What you return must be exactly the lines from the beginning of the material through the line containing "LifeHack: Type in", both included, and no pictures.
[Data — start]
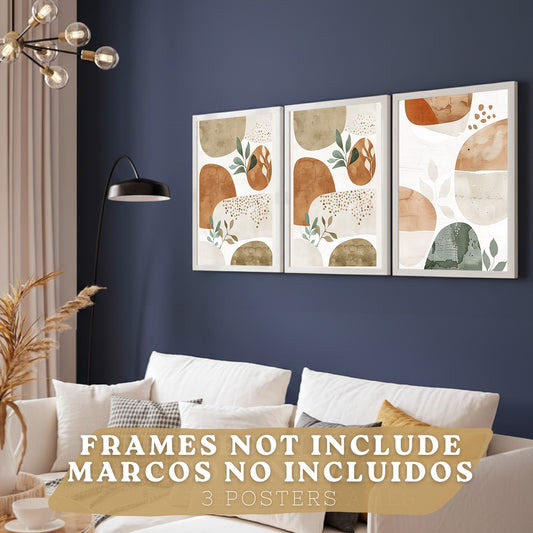 Set de 3 laminas decorativas Formas Abstractas Florales Cuadros Salon modernos - Posters decorativos Plantas verdes marrones Decoración Dormitorios Cocina Baño
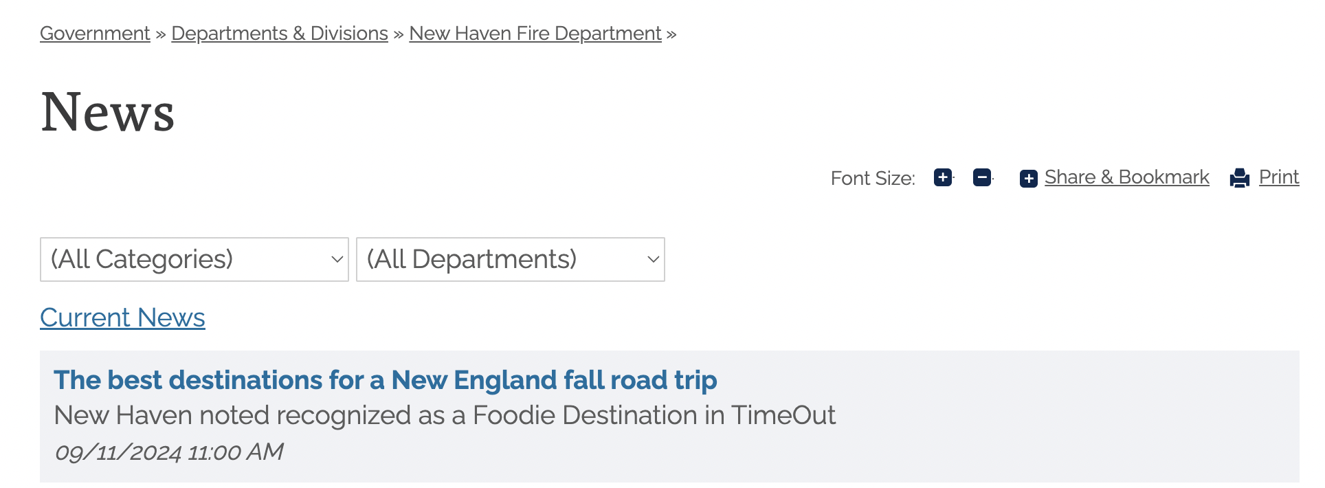 LifeHack: Type in site:.gov “news” and see which city governments run their own blogs. Here is an example from the city of New Haven, Connecticut:
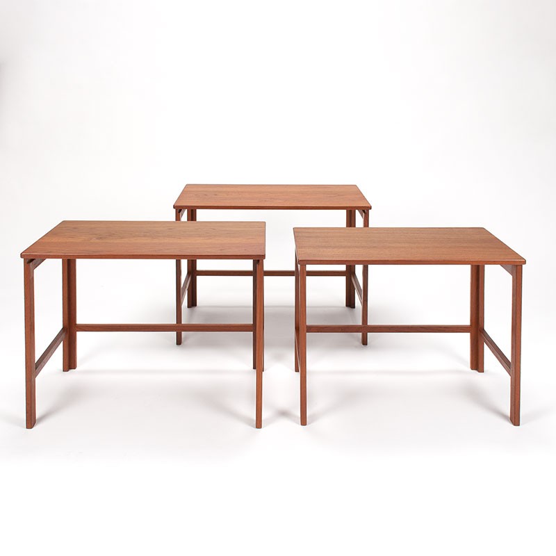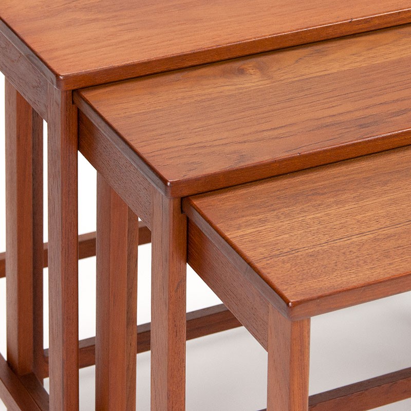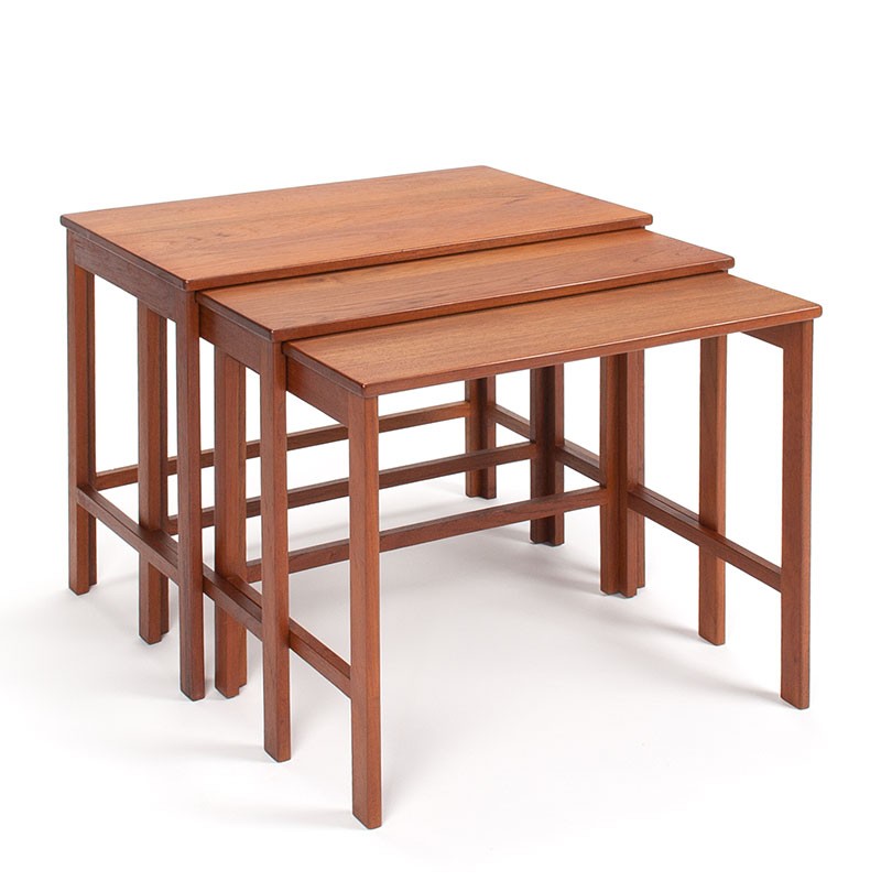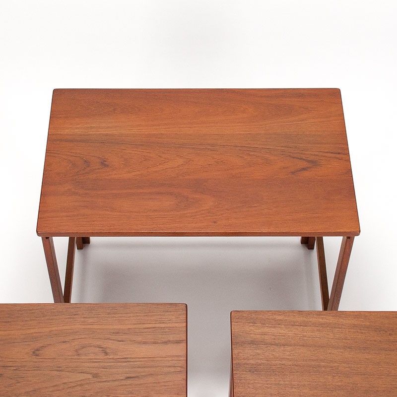 Design nesttafels ontworpen door Peter Hvidt & Ola Mølgaard-Nielsen voor France &Son. Stijlvolle vintage set in massief teakhouten uitvoering. De nesttafel hangen mooi onder elkaar en worden zo een geheel. De conditie is zeer goed gezien de leeftijd, geen kringen of krassen, zie details. De afmetingen zijn 60,5 cm breed, 37,5 cm diep en 53,5 cm hoog, de opeenvolgende hoogte is 51,5 en 50 cm.
[Data — finish]
## Response below
 Set de 3 laminas decorativas Formas Abstractas Florales Cuadros Salon modernos - Posters decorativos Plantas verdes marrones Decoración Dormitorios Cocina Baño
 LifeHack: Type in site:.gov “news” and see which city governments run their own blogs. Here is an example from the city of New Haven, Connecticut:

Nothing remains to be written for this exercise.